**About this task**
Line by line, the data below should be set down unchanged, with images excluded.

**Data segment**
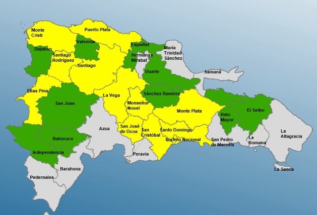 SANTO DOMINGO.- El Centro de Operaciones de Emergencias (COE) amplió el nivel de alerta amarilla para 11 provincias y el Distrito Nacional y 10 en verde.
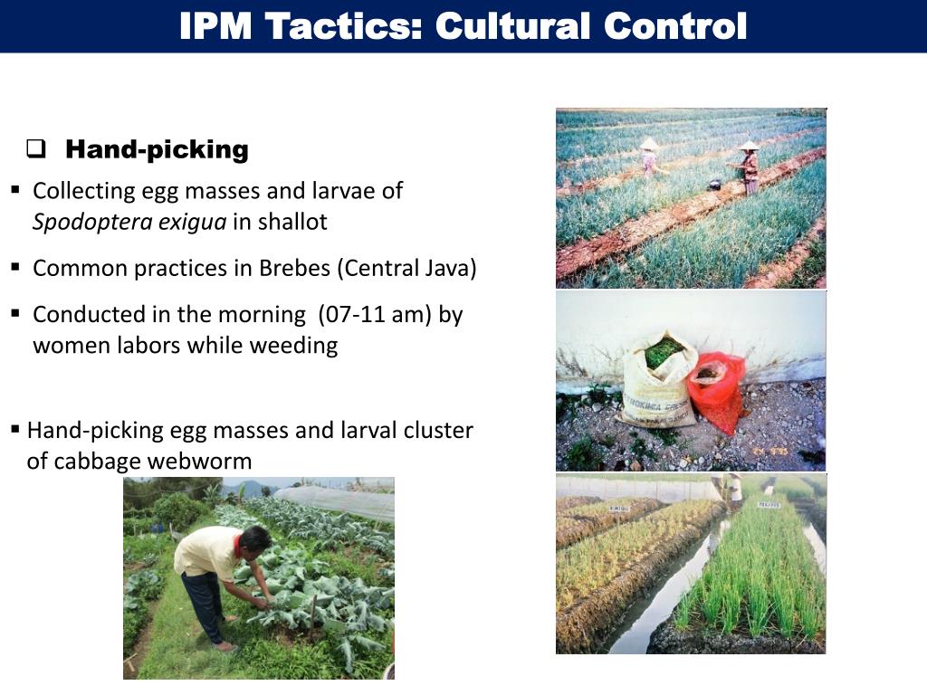 IPM Tactics: Cultural Control • Hand-picking • Collecting egg masses and larvae of • Spodopteraexiguain shallot • Common practices in Brebes (Central Java) • Conducted in the morning (07-11 am) by • women labors while weeding • Hand-picking egg masses and larval cluster • of cabbage webworm
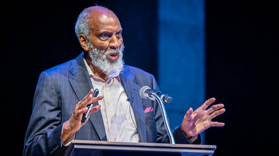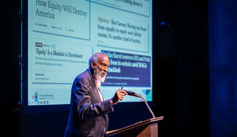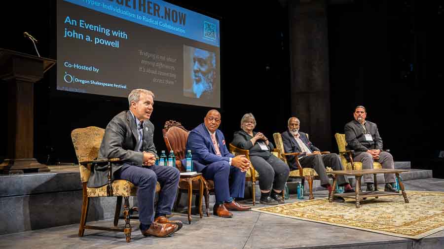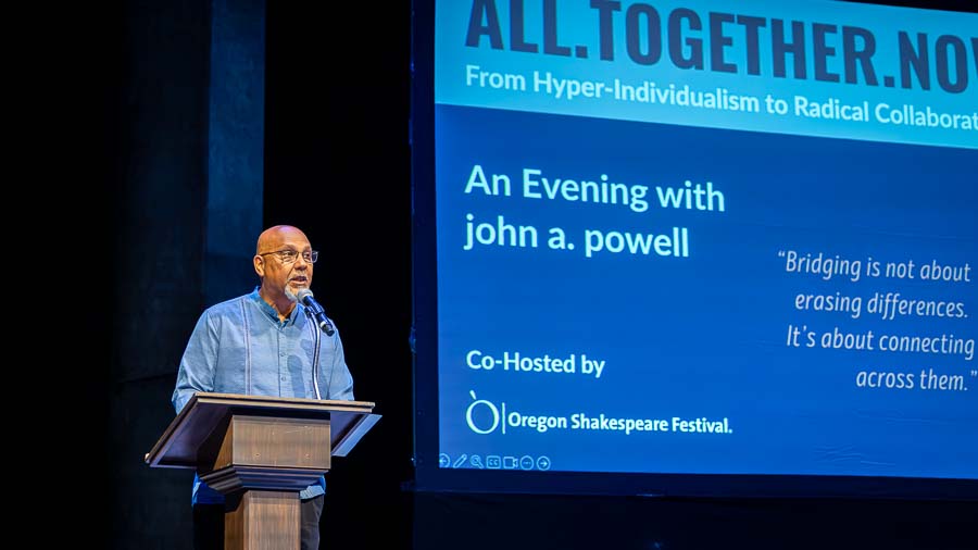 A full house of some 600 people flocked to the Oregon Shakespeare Festival campus for a presentation by University of California, Berkeley Professor of Law and African American Studies and Ethnic Studies john a. powell, director of the Othering & Belonging Institute. He spells his name in lowercase in the belief that we should be “part of the universe, not over it, as capitals signify,” according to UC Berkeley News.
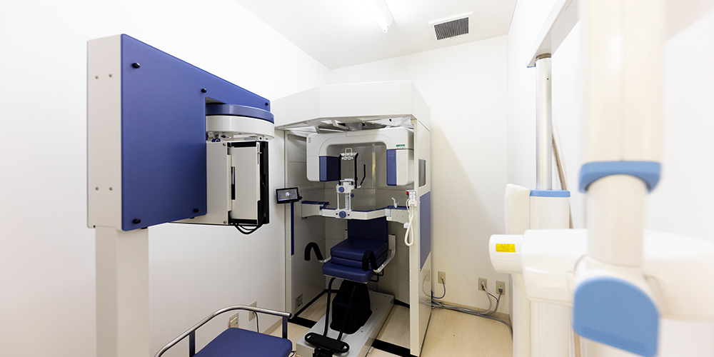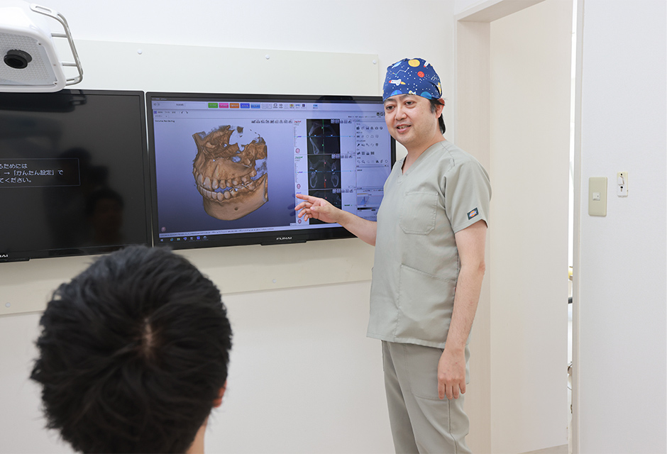 治療を始めるにあたり、まずは口周りの検査を行います。歯科用CTなどの先端機器を使用して、精度高くデータを取得していきます。患者さんの状態を事前にしっかり把握するとともに、治療計画の作成にも役立ちます。

**Result for this exercise**
 SANTO DOMINGO.- El Centro de Operaciones de Emergencias (COE) amplió el nivel de alerta amarilla para 11 provincias y el Distrito Nacional y 10 en verde.
 IPM Tactics: Cultural Control • Hand-picking • Collecting egg masses and larvae of • Spodopteraexiguain shallot • Common practices in Brebes (Central Java) • Conducted in the morning (07-11 am) by • women labors while weeding • Hand-picking egg masses and larval cluster • of cabbage webworm
 A full house of some 600 people flocked to the Oregon Shakespeare Festival campus for a presentation by University of California, Berkeley Professor of Law and African American Studies and Ethnic Studies john a. powell, director of the Othering & Belonging Institute. He spells his name in lowercase in the belief that we should be “part of the universe, not over it, as capitals signify,” according to UC Berkeley News.
 治療を始めるにあたり、まずは口周りの検査を行います。歯科用CTなどの先端機器を使用して、精度高くデータを取得していきます。患者さんの状態を事前にしっかり把握するとともに、治療計画の作成にも役立ちます。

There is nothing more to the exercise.